▶ **SOURCE INFORMATION**

-=-=-=-=-

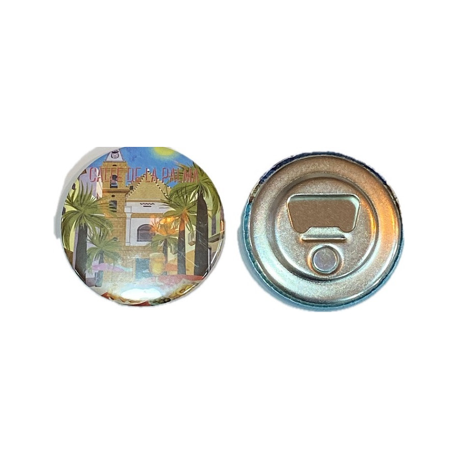 Imán metálico redondo 5,8 cm con abridor y diseño de la calle Virgen de la Palma, terrazas y pescaíto frito, souvenir de Cádiz.
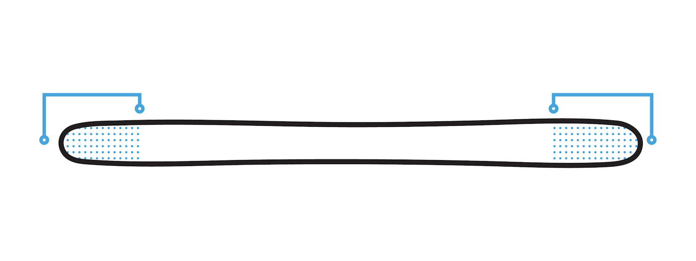 While a nice, large tip can keep a ski afloat, the downside to a wide tip or tail is that the edge can get caught up or “hook” in the snow as you work your way through a turn. To combat this, some ski tips and tails are tapered, meaning the widest part of the tip or tail is slightly closer to the center of the ski, reducing the effective edge, as well as the chance of catching on the snow when you don’t want it to.
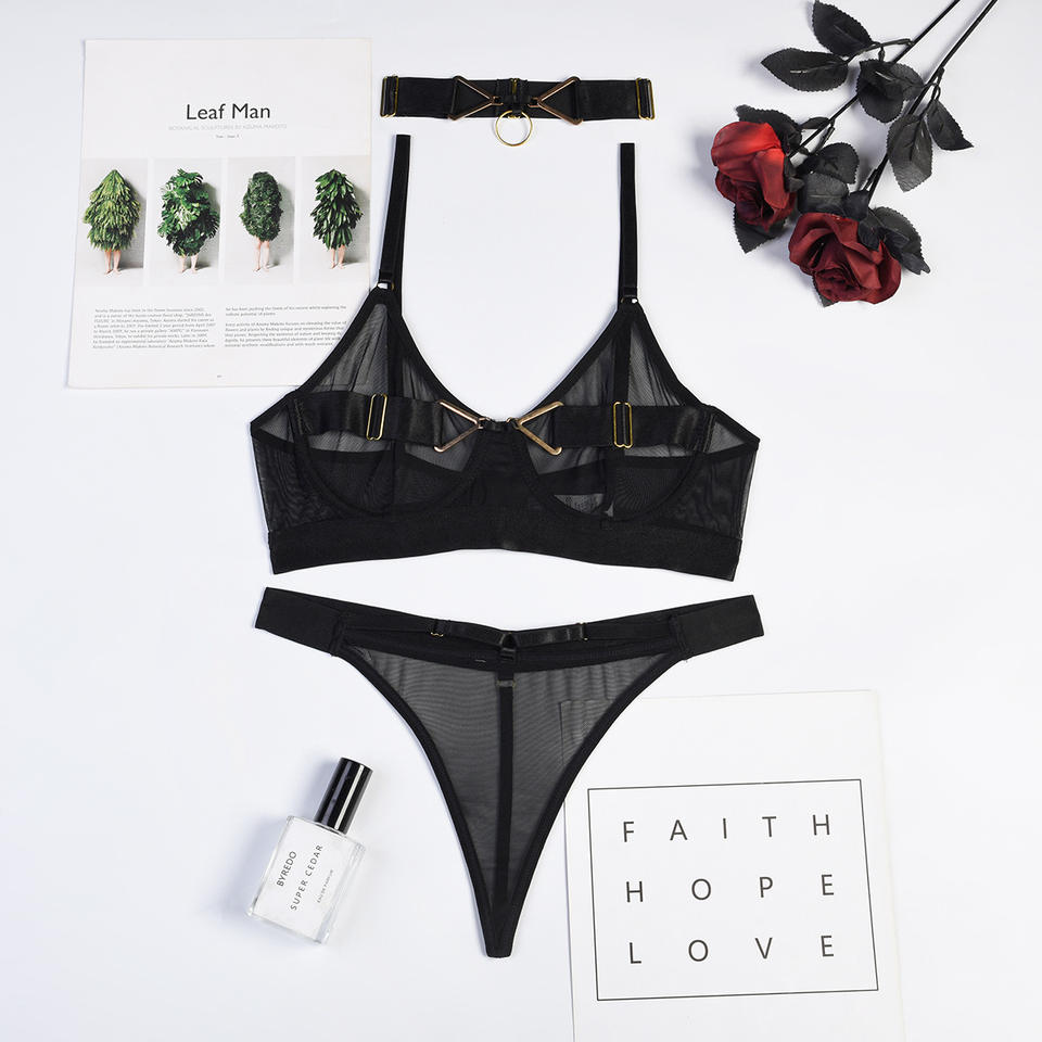 เซ็ตชุดชั้นในแบบสายรัดคอสำหรับผู้หญิงชุดชุดชั้นในตาข่ายซีทรูเร้าอารมณ์เซ็กซี่ใหม่
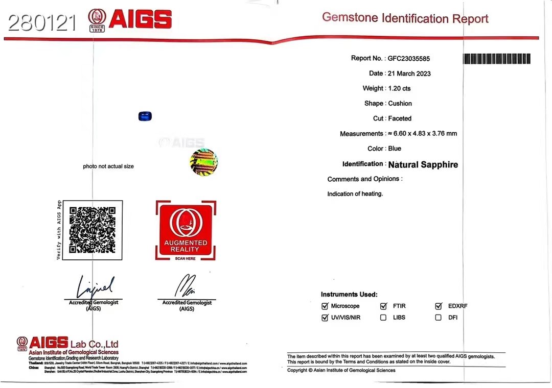 Accompanied by an AIGS certificate, this exceptional ring exudes authenticity and quality, guaranteeing the exceptional origin and characteristics of the sapphire.
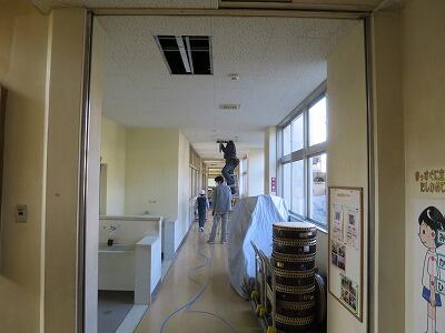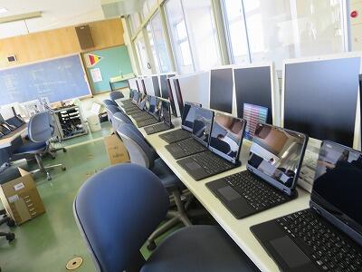 宮水小(日之影町)では、児童1人1台のタブレット導入をすすめています。今日は学校のパソコン室やLANの工事を行いました。
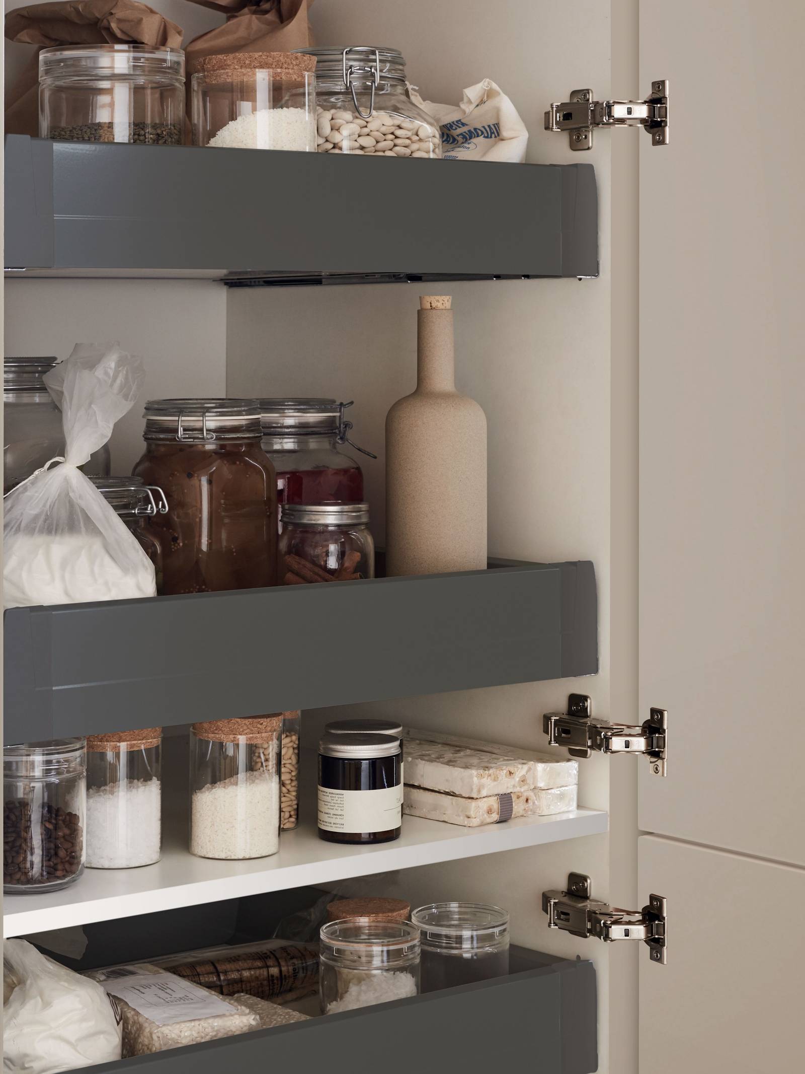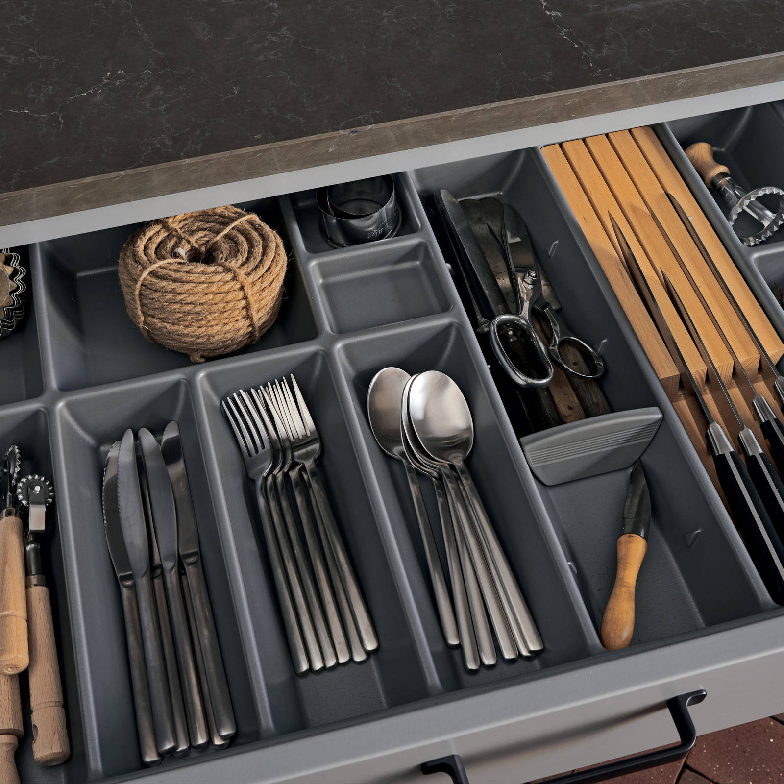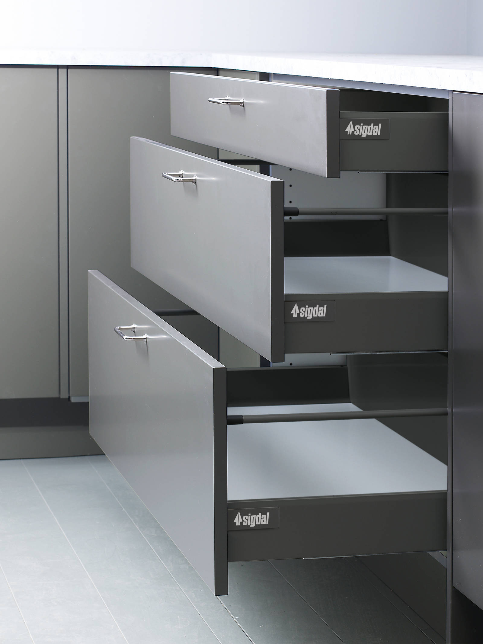 Tandembox er skuffen med flest muligheter, noe som gir kjøkkenet et romsligere organiseringsystem. Alle skuffer har fulluttrekk og skuffedemping som standard. Skuffene er testet for en totalvekt inntil 30 kg (30-60 cm) og 50 kg (80-100 cm), inkludert selve skuffen og fronten.

-=-=-=-=-

▶ **TO DO**
All lines from the beginning of the material above through the line holding "เซ็ตชุดชั้นในแ" are to be given again exactly, and no others; pictures do not go in.

▶ **RESPONSE TO THE TASK**
 Imán metálico redondo 5,8 cm con abridor y diseño de la calle Virgen de la Palma, terrazas y pescaíto frito, souvenir de Cádiz.
 While a nice, large tip can keep a ski afloat, the downside to a wide tip or tail is that the edge can get caught up or “hook” in the snow as you work your way through a turn. To combat this, some ski tips and tails are tapered, meaning the widest part of the tip or tail is slightly closer to the center of the ski, reducing the effective edge, as well as the chance of catching on the snow when you don’t want it to.
 เซ็ตชุดชั้นในแบบสายรัดคอสำหรับผู้หญิงชุดชุดชั้นในตาข่ายซีทรูเร้าอารมณ์เซ็กซี่ใหม่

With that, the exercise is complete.